Changing the attribution policy shares is a fingerprint change. Changing the settlement contract address is a fingerprint change. Swapping chain backends (e.g. from a full-node RPC to an indexer) is a fingerprint change.

Chain backend

tally::chain abstracts the inclusion watcher:

pub trait ChainBackend: Send + Sync {
    async fn head(&self) -> Result<(u64, [u8; 32])>;
    async fn block(&self, slot: u64) -> Result<Option<BlockInfo>>;
    async fn coinbase_transfer(&self, block: &BlockInfo) -> Result<u128>;
    fn tag(&self) -> &'static str;
}

Implementations:

  • L1FullNode — Ethereum full-node JSON-RPC.
  • L2Rollup — op-node / op-geth dual-source reader.
  • Archival — historical indexer for slow back-fill.

A lattice pinning chain_backend: L1FullNode and pointing at an archival indexer is a configuration mismatch that the fingerprint catches at deploy time.

ACL composition

impl Config {
    pub fn member_validator(&self) -> Validators {
        Validators::stacked().with(JwtIssuer::from(self.operator_jwt_key))
    }
}

Tally has no TDX requirement in v1. The settlement contract is the ground truth; mis-attestations cannot be paid out. Integrators who distrust tally’s committee can compute attribution themselves from the upstream organisms.

Trust shape

Majority-honest for Refunds and Attestations integrity; settlement contract is the ultimate arbiter. See threat-model.md — tally.

Open questions

  • Settlement contract interface standardization.
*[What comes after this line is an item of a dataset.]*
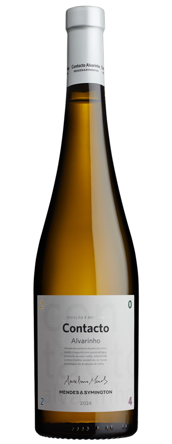 The 2024 Contacto Alvarinho is part of a joint venture with the Symington family, but the brand has existed since 2008, and the Symingtons have had 50% of the brand since 2023. The concept here comes from the skin contact, which varies depending on the acidity and the ripeness; in very warm years, they avoid full skin contact because it lowers acidity. Here we're talking 12 hours at 12 degrees Celsius for 70% of the grapes, so it's not at all an "orange" wine. In fact, the color is as pale as the Muros Antigos. The difference here is the soils where the grapes grow—in the Quinta da Torre, the soils are alluvial (still granitic) but with a little more clay (8%) and more resistance to drought. It started quite shy, but the wine is more aromatic and floral; it has more volume and is more concentrated, because of the soils and the skin contact. It comes in at 12.5% alcohol, a pH of 3.3 and seven grams of acidity—a little of those factors is what happens with the alluvial soils, but the higher pH is because there's more potassium for the grapes and the acidity is also higher; but it's more because of the temperature, which in the Quinta da Torre, a valley, is lower at night than in the slopes from Melgaço, where the grapes from Muros Antigos come from. Drink Date: 2025 - 2030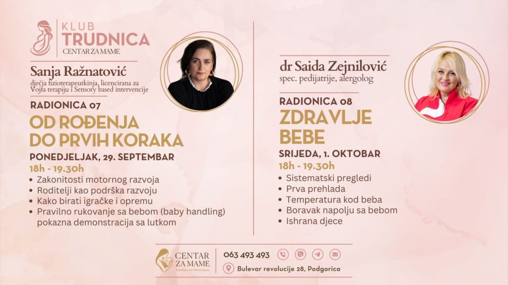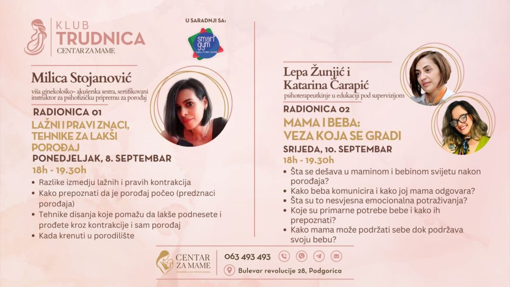 XII ciklus Škole za trudnice u okviru Kluba trudnica u Centru za mame počeće 8. septembra.

Different lattices running different chains will have different contract conventions. Do we ship a reference ABI? Open; the v1 target is one contract per lattice, bespoke to the chain.
  • Refund policy extensibility. The AttributionPolicy enum covers a small set of reference splits. Custom policies (e.g. per-bundle cap, per-wallet throttle) need a more expressive policy DSL. Not speced; a lattice with custom needs ships a fork of tally with its own policy variant.
  • Cross-lattice attribution. When a bundle spans two lattices (cross-chain backrun), whose tally attributes? v1 answer: each tally attributes the local slice; searchers integrate across lattices in their own agent. The bridge organism shape in cross-chain.md — Shape 3 is the right answer for tighter coupling.
  • Reorg handling. If the block we attributed reorgs out, the attestations we emitted are invalid. v1 commits optimistically and relies on the settlement contract’s finality check. A delayed commit (after k confirmations) is safer and trivially added — but changes the SLA tally exposes to integrators.